All of our call info is on the MDT, as is all of the "routine" traffic with dispatch "en route", "on scene", "transporting". Any other time we need to chat with the dispatcher, it's on the Nextel. That's also how they alert us that we have a call. "CHIRP!" 







If you're curious, we use the Zoll "RescueNet" NOMAD MDT. http://www.zolldata.com/web/nomad.aspx


----------



## Sapphyre (Jul 1, 2009)

We use what n7 uses, got a call, the most ANNOYING tone goes off.  I recorded it, cause I'm geeky like that.


----------



## marineman (Jul 2, 2009)

We have Panasonic Toughbooks mounted in our rigs if that counts? We use a few different programs all grouped together to dispatch as well as gps/mapping and then dispatch can track us (I like to unplug it and use the mapbooks just to mess with dispatch) 
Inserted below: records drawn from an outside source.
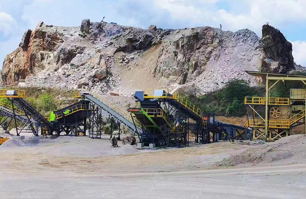 該項(xiàng)目以花崗巖為原料,采用粗碎顎破模塊、中碎圓錐篩分模塊、細(xì)碎圓錐篩分模塊,進(jìn)料粒度≤700mm,成品要求0-5mm、5-8mm、8-12mm,工藝設(shè)計(jì)合理且交貨周期短,現(xiàn)場(chǎng)經(jīng)過簡(jiǎn)單的吊裝,模塊化組裝,按照周期短,省去現(xiàn)場(chǎng)制作混凝土基礎(chǔ)的費(fèi)用和時(shí)間,快速投入生產(chǎn)。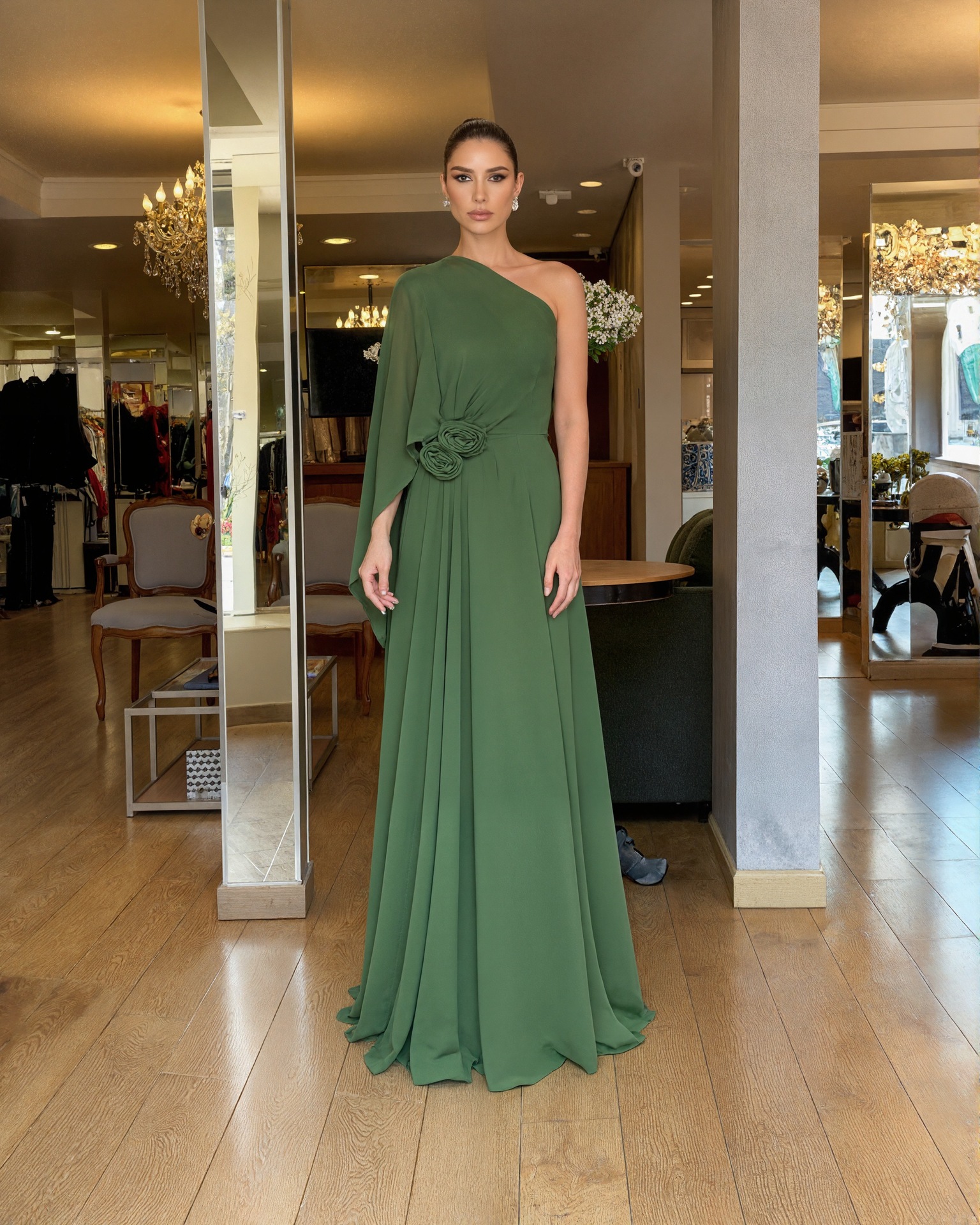 The Casava Off-Shoulder Chiffon Gown exudes effortless elegance for any season. Designed with a loose, flowing silhouette, wide hemline, and sleeveless off-shoulder style, this floor-length gown features delicate floral craft details and a soft chiffon-polyester blend. Perfect for office, business events, parties, or festive occasions like Valentine’s Day and New Year, it combines comfort with sophisticated charm.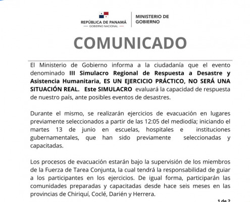 COMUNICADO III Simulacro Regional de Respuesta a Desastre y Asistencia Humanitaria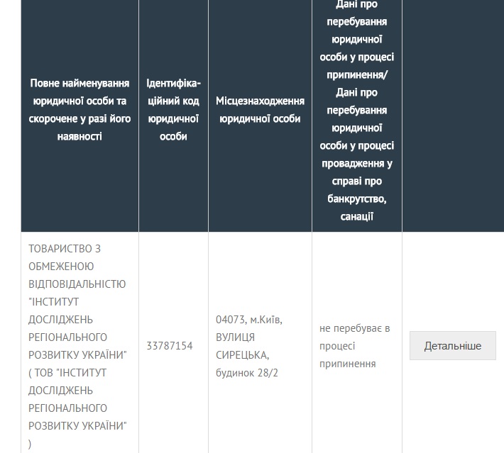 ОПОРА вирішила перевірити організацію, котра, як зазначено на виданні, проводила опитування. Так, в єдиному державному реєстрі юридичних осіб, фізичних осіб-підприємців та громадських формувань вона зареєстрована. Проте номери телефонів, вказані у реєстрі, виявились недійсними та на даний момент не працюють.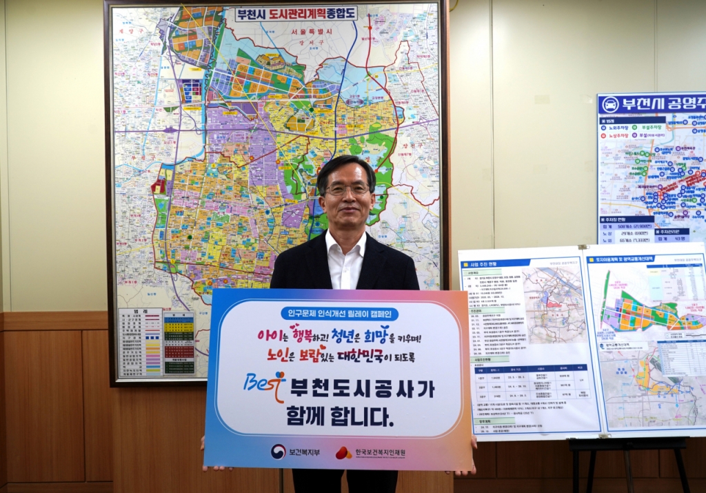 경기 부천도시공사(이하 공사)는 저출생 및 지방소멸 극복을 위한 사회적 인식을 높이고자 '인구문제 인식개선 릴레이 캠페인'에 동참했다고 12일 밝혔다.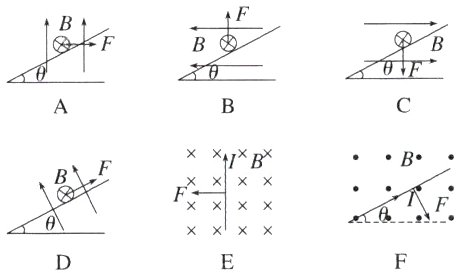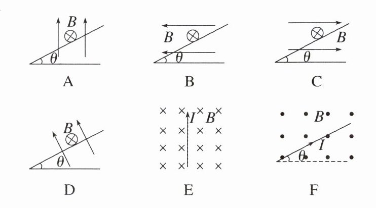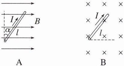 。2. 乙图中,通电导线的方向和磁场方向垂直,则导线所受的安培力$F=$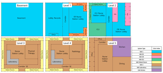 The prototype hospital building model has VAV-type HVAC systems with natural gas boilers and chillers for thermal zones mostly. This VAV system is an air conditioning system that varies the supply air volume flow rate through the air handling units (AHUs) using dampers located in the VAV thermal box to curtail heating and cooling loads and meet the setpoint temperature. Figure 3 depicts HVAC zoning and its system types in the hospital building model. Except for the kitchen zone, all thermal zones use VAV-type systems. VAV 1 and 2 consist of typical AHUs with VAV reheat boxes. Humidifiers, extra water, and electric heating coils were added to the AHUs of other VAV systems (i.e., VAV ER, OR, ICU, Patient Room, and Laboratory). All the heating and cooling energy end-usages by gas boilers and chillers were considered for the training and testing datasets of the LSTM-TL predictions.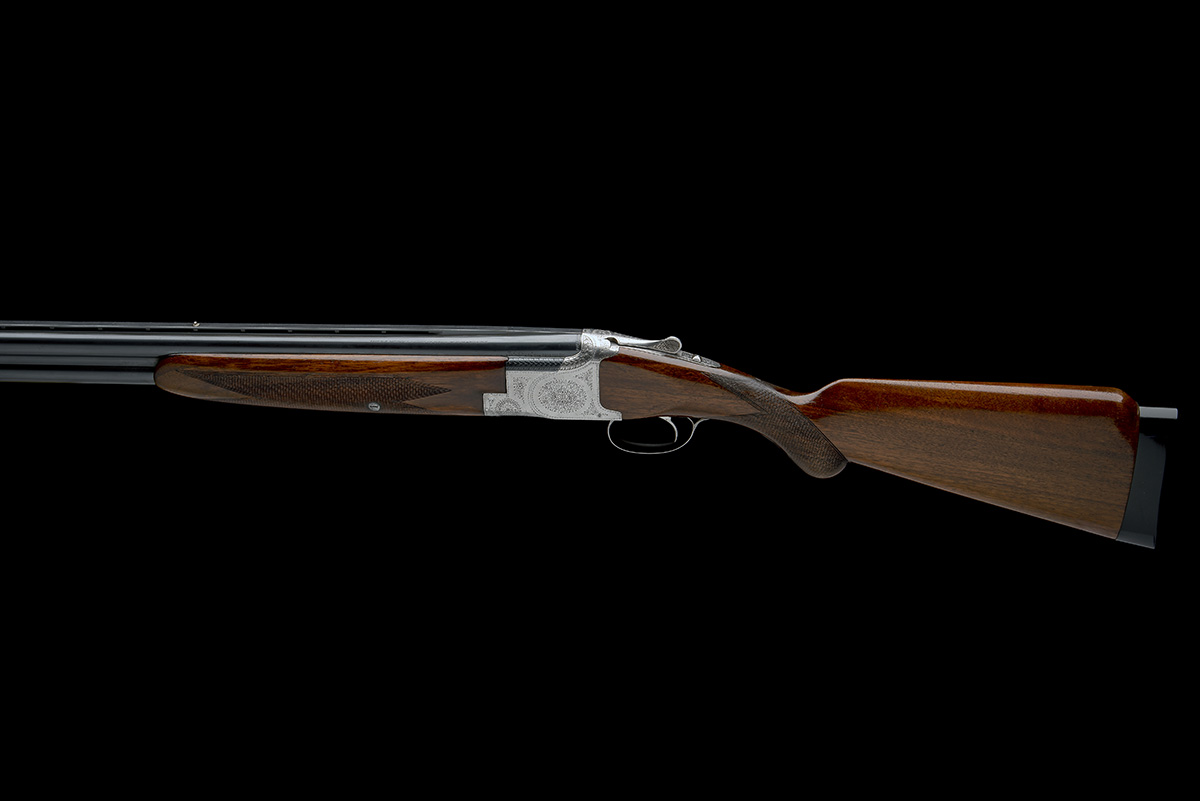dated 1954, 30in. nitro reproved barrels with 7mm ventilated matt rib, 2 3/4in. chambers, bored approx. 1/2 and full choke, hold-open toplever, manual safety with integral barrel-selector switch, floral and scroll engraving, bright finish, 14in. semi-pistolgrip stock including 7/8in. ebonite extension, weight 8lb.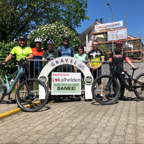 Am Samstag 10. Mai sind wir in Laufenburg beim Blauen bei besten Witterungsbedingungen zur Raiffeisen Lokalhelden Zielbogen Social Ride auf der 38 km F-Course Gravel Strecke gestartet.

We use several of those Zoll programs though for other things, we just started using crew scheduler, we use Epcr as well as webpcr (same program but over the internet instead), we also use code review and the billing program.


----------



## lafmedic1 (Jul 2, 2009)

All  the 200+ units and sprint trucks have MDTs. Toughbooks are used and are mounted permanantly in the cab. Each MDT is tied into the main system. All have GPS with map tracking. Internet is availible with mobile wireless across the state and works very well. We can instantly locate our calls and go enroute in under 10 seconds with tracking all the way. We just phased out the old green screen DXT units so the map book is a sacred art.Last night the computers went down for service and luckly I knew how to read a map book unlike some of the newer guys who are spoiled. All in all after we got the kinks worked out its an awesome system. Heres a recent  artice about our companys MDTs  by a local news team   http://www.kplctv.com/Global/story.asp?S=10500791


----------



## chadwick (Jul 13, 2009)

*Be Careful!*

The Panasonic Toughbook can not withstand being ran over by a 2001 Ford Type 2 Ambulance. It held up better than my personal laptop would have but it was still garbage. I only wish we had taken pictures.


----------



## VCEMT (Jul 13, 2009)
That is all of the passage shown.